Work to be completed → Only one stretch of the material below is wanted: everything from the line containing "Epson 106 EcoTank" down to the line containing "Modna sportowa sukienka", both ends included. Repeat it exactly and skip the pictures.

Records for this exercise →
§

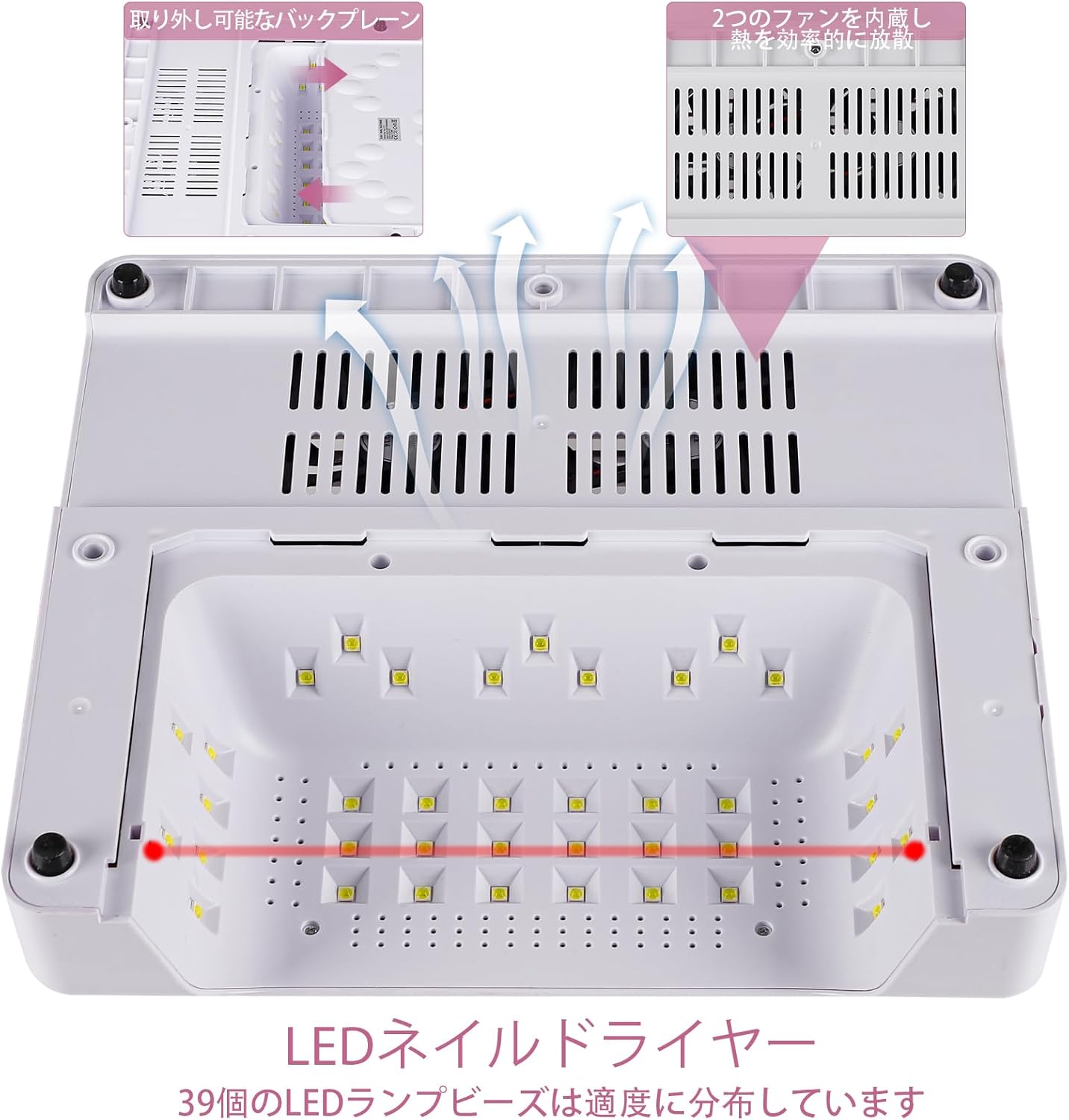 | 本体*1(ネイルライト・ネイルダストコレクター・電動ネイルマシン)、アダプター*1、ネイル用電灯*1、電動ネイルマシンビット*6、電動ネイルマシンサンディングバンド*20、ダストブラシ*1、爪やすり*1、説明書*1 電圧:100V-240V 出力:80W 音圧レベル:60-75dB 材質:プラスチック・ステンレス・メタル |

§

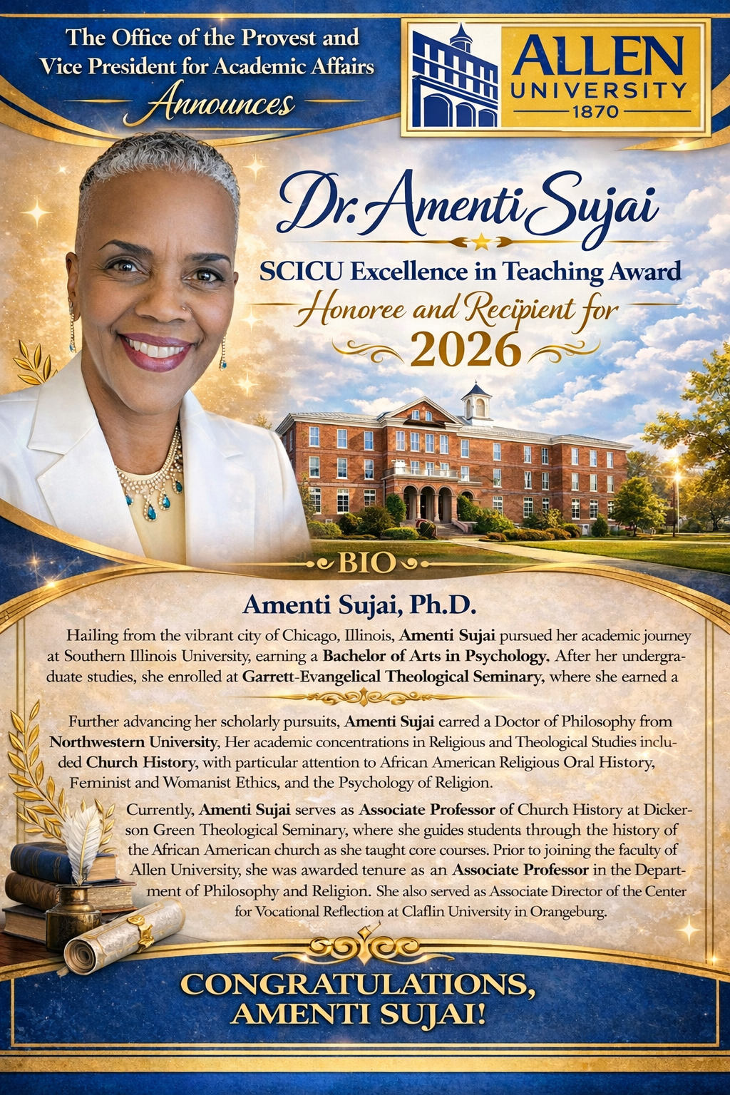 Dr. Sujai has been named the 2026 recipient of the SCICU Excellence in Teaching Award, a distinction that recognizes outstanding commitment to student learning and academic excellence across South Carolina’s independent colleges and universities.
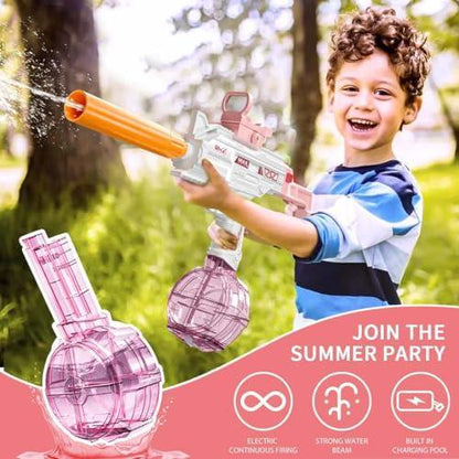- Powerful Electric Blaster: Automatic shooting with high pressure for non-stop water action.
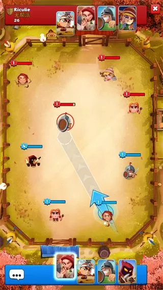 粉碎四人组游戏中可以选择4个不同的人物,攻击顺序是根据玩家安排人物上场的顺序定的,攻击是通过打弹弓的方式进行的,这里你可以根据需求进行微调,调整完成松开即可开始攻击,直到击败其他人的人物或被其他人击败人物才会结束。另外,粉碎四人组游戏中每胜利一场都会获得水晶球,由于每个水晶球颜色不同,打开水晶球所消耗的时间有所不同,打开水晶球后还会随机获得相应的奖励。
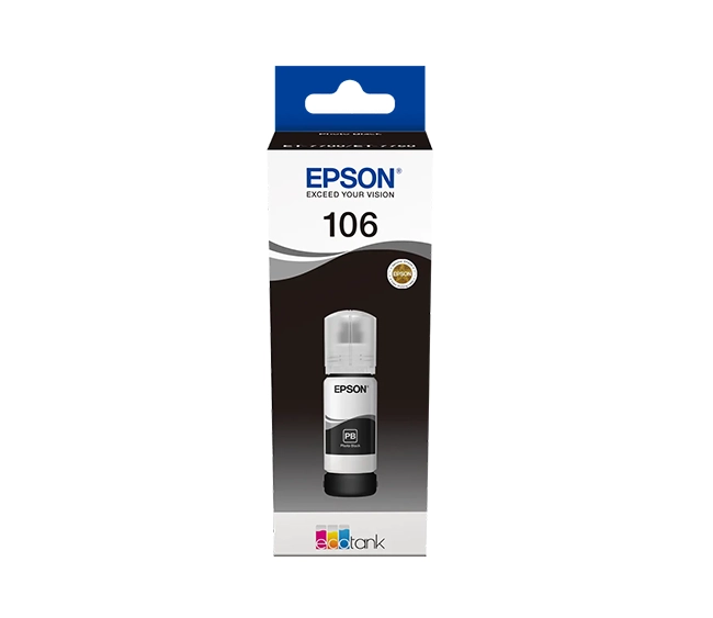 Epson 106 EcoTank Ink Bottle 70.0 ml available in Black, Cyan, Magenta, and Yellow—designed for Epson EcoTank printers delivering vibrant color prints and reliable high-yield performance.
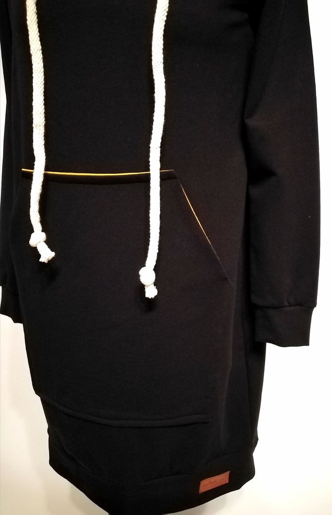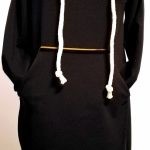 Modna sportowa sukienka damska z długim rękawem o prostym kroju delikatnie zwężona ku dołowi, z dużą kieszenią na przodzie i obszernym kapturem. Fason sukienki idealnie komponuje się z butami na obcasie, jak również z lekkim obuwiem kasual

§

Your solution →
 Epson 106 EcoTank Ink Bottle 70.0 ml available in Black, Cyan, Magenta, and Yellow—designed for Epson EcoTank printers delivering vibrant color prints and reliable high-yield performance.
 Modna sportowa sukienka damska z długim rękawem o prostym kroju delikatnie zwężona ku dołowi, z dużą kieszenią na przodzie i obszernym kapturem. Fason sukienki idealnie komponuje się z butami na obcasie, jak również z lekkim obuwiem kasual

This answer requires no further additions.